There’s always a lot to think about when people die, and when people kill. I thought first of friends, and then of the victims I didn’t know. Then of those who knew people running, and then of those that carried out the attacks. I know this is a strange order. I thought about that too.
61 people were killed today in Iraq. There were 25 bombs detonated throughout the country—another day in what was otherwise a fairly standard week inside a fairly standard month inside a fairly standard, gruesome year for that country. In Iraq today, 61 people died at the hands of murderers and lives were shattered and families were broken, and no one was surprised.
It would have been a fairly standard day in Iraq if the Boston Marathon had not been the target of a terrorist attack as well. Two bombs went off within seconds of each other, claiming as their victims three dead and dozens more wounded (so far). These events have very little in common, but that is the roulette board of history—today was Monday, all over the world. People were murdered, and there’s nothing I can do except sit here and write.

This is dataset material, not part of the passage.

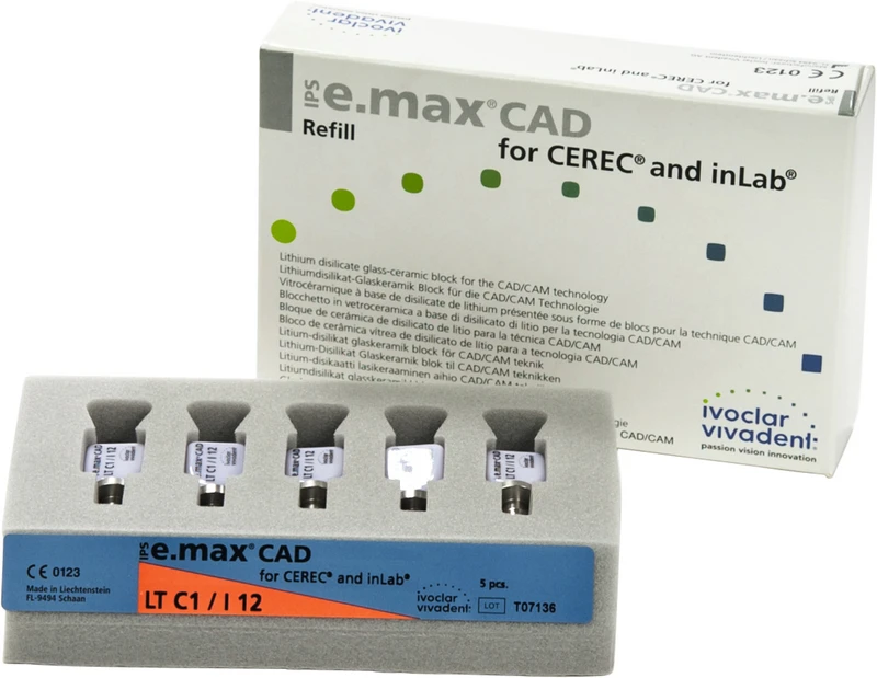 Die IPS e.max CAD for CEREC/inLab ist eine hochfeste Lithiumdisilikat-Vollkeramik, mit idealen ästhetischen Eigenschaften. Die Keramikblocks sind optimal für die Herstellung von vollanatomischen Kronen, Inlays und Veneers geeignet und werden im inLab-System oder CEREC-System (Sirona) verarbeitet. Die Blocks sind in unkristallisiertem Zustand bläulich und leicht bearbeitbar. Nach dem Kristallisationsbrand ist die Keramik zahnfarben und hochfest. IPS e.max Kronen aus CAD LT können selbstadhäsiv oder konventionell befestigt werden.

That is what I do, then.
When I think today about those whose lives were permanently altered today, by murderers or by something else—disease, poverty, crime, injustice—I think of how we are all connected, even more than we know. Only on some days do we see the sinewy tendons that connect us humans, as residents of Boston, Baghdad, and anywhere in between. On those days, we count what makes us human: certain death and never-ending camaraderie; bottomless despair and unceasing joy; the finality and continuity of it all and the awful grace of everything happening at once.